The statutory minimum holiday per year is 5.6 weeks, which translates into 28 days for those who work five days a week and 22 days for those working four days a week.
The right to paid holiday is not limited to employees and extends to all workers. People who are not employees, such as consultants who are self-employed for tax purposes, are therefore entitled to paid annual leave and could pursue a Tribunal claim if they do not receive any holiday pay.
By law, workers are not entitled to have public holidays as annual leave although that entitlement is commonly the contractual position. There is also no legal right to enhanced pay when working on a public holiday, but that is sometimes an incentive provided in employment contracts.
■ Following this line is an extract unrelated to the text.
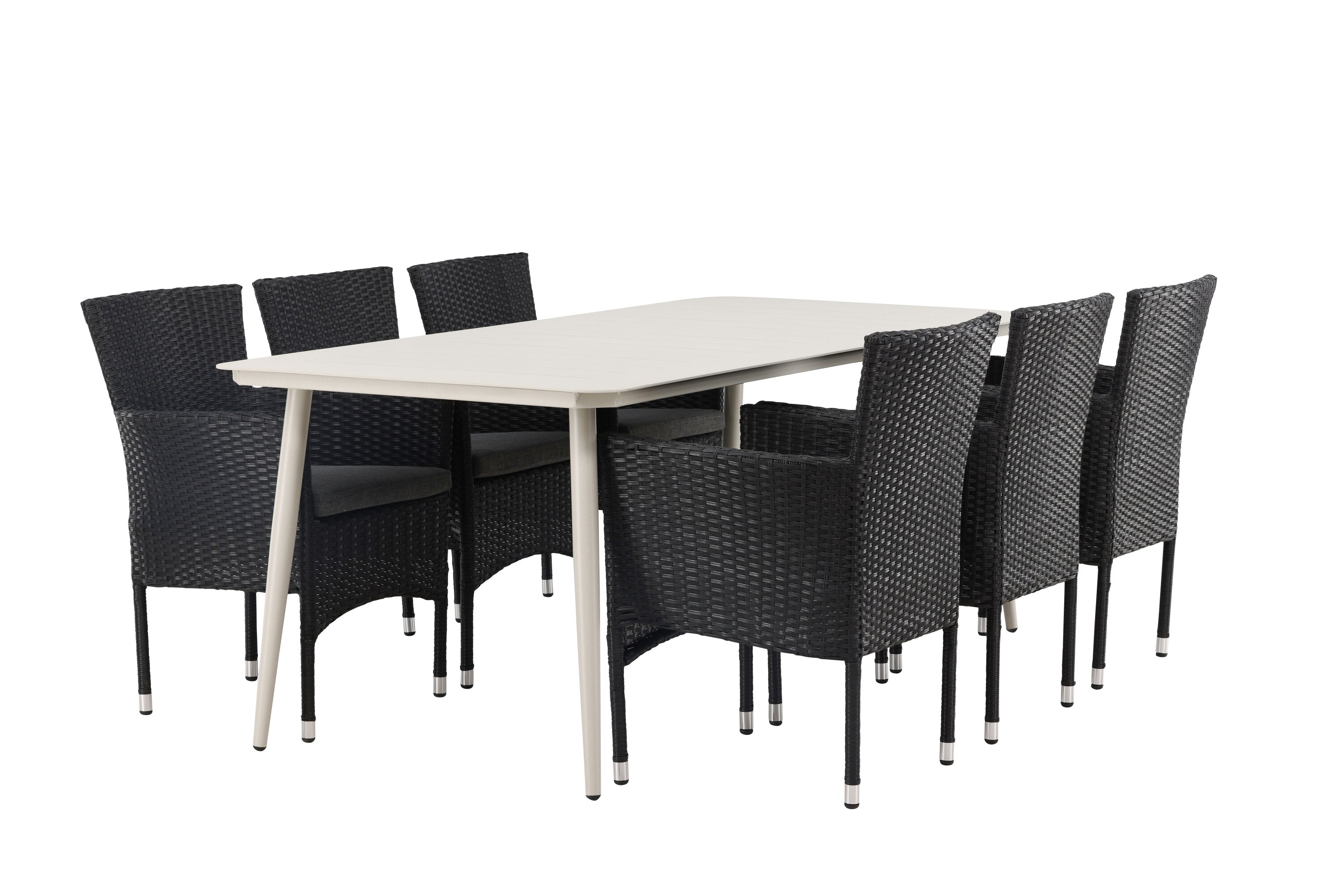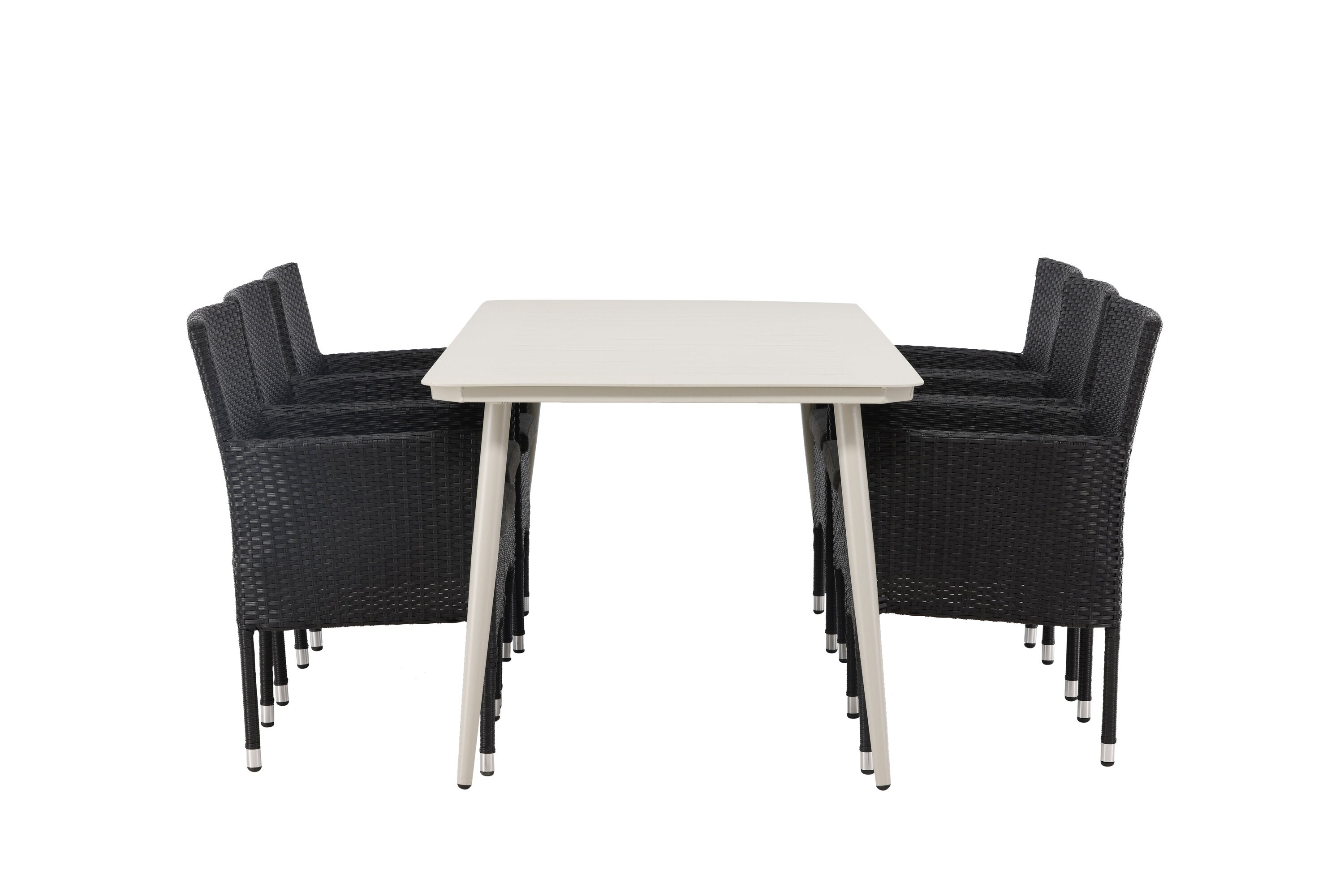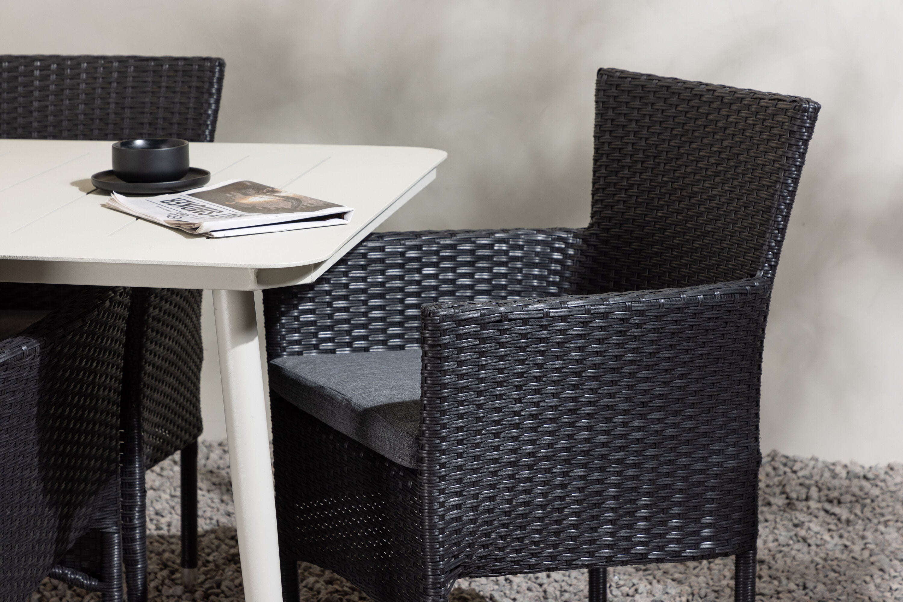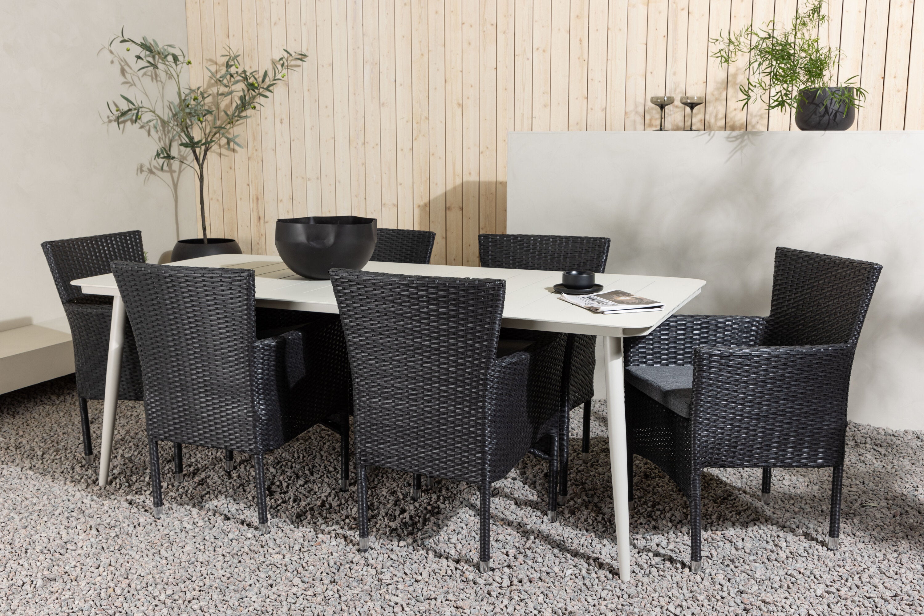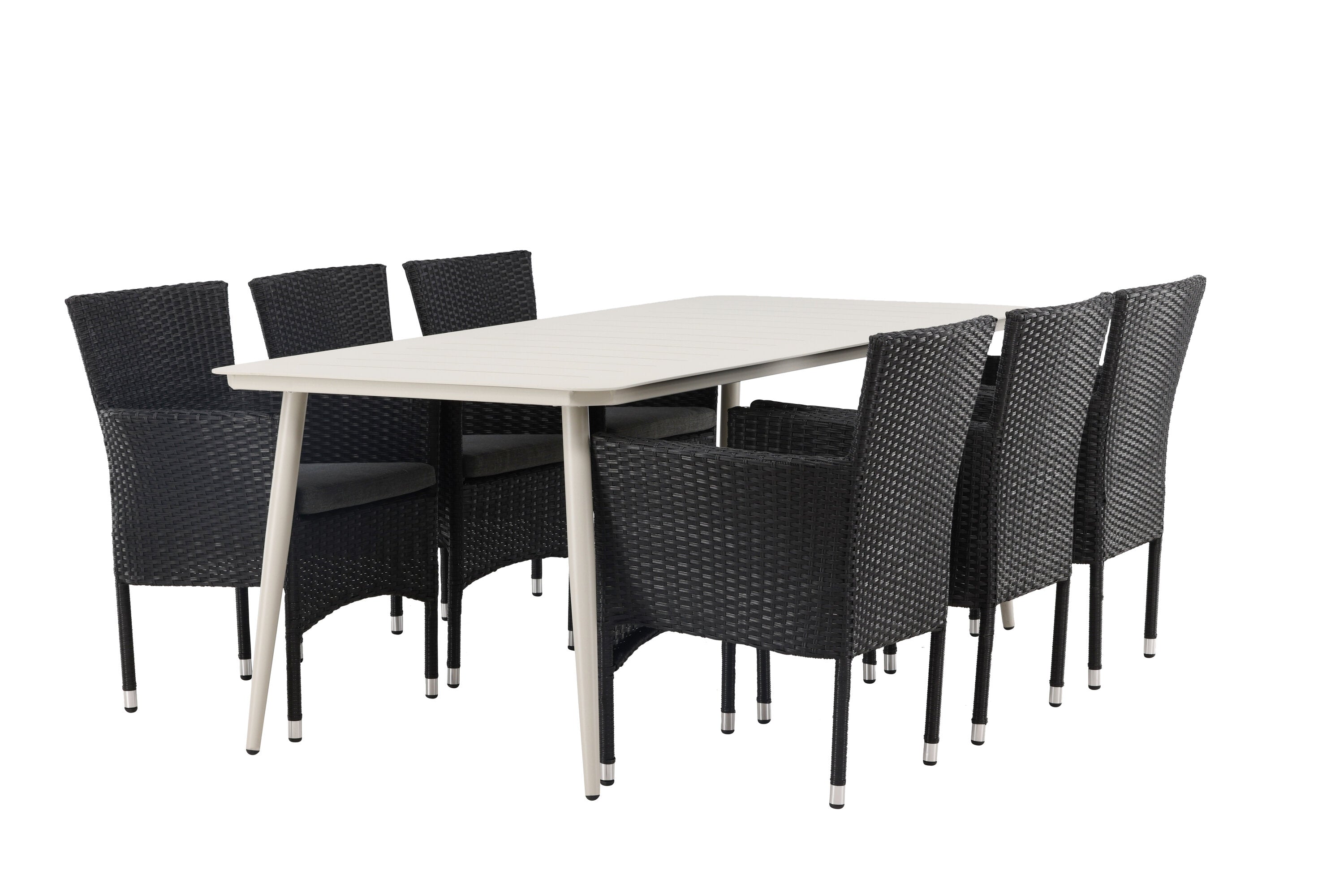 Dokonalá kombinace vysokého komfortu a stylového designu - tato jídelní sestava je vhodná pro všechny příležitosti! Jídelní stůl Lina má obdélníkovou desku v minimalistickém designu a mírně rozšířené nohy, důsledně vyrobené z béžové oceli. Zde ve fantastické kombinaci s jídelními židlemi ze série Malina. Křeslo má hliníkový rám a umělý ratan v sazově černé barvě. Pohodlně se letos v létě usaďte a vychutnejte si lahodná jídla venku! Rozměry stolu: 200 x 90 cm.

Difficulties with regards to part-time workers can arise where a business closes for public holidays, so employees should seek advice if they need clarity on this.
In the absence of an agreed leave year the default position is that each member of staff will have their own leave year, which runs from the anniversary of when they commenced employment. Having a variety of individual leave years is administratively problematic so most employers set an annual leave year for all employees.
The usual position with annual leave is that entitlement cannot be carried from one leave year into another leave year. Therefore workers need to ‘use it or lose it’.
However, if workers have been unable to take their leave due to being on sick leave or on parental leave they are entitled to carry unused leave into the next leave year. Where workers are prevented from taking their annual leave entitlement, for example because an employer repeatedly refuses to authorise annual leave, the worker can pursue an Employment Tribunal claim.
There is a mechanism within the Working Time Regulations that allows an employer to tell their employees and workers to take holiday at particular times. For example, employers could tell workers to take time off during factory shutdowns or restrict staff from taking holiday in busy periods. However that mechanism is unwieldy so having a clear contractual right to tell employees and workers that they need to take leave at a particular time, including during their notice period, is advisable.
When requesting holiday, the Working Time Regulations state that employees should give twice as much notice as the amount of leave they wish to take. The employer should do the same when requesting a member of staff to take leave. However, employment contracts will often specify different notices provisions.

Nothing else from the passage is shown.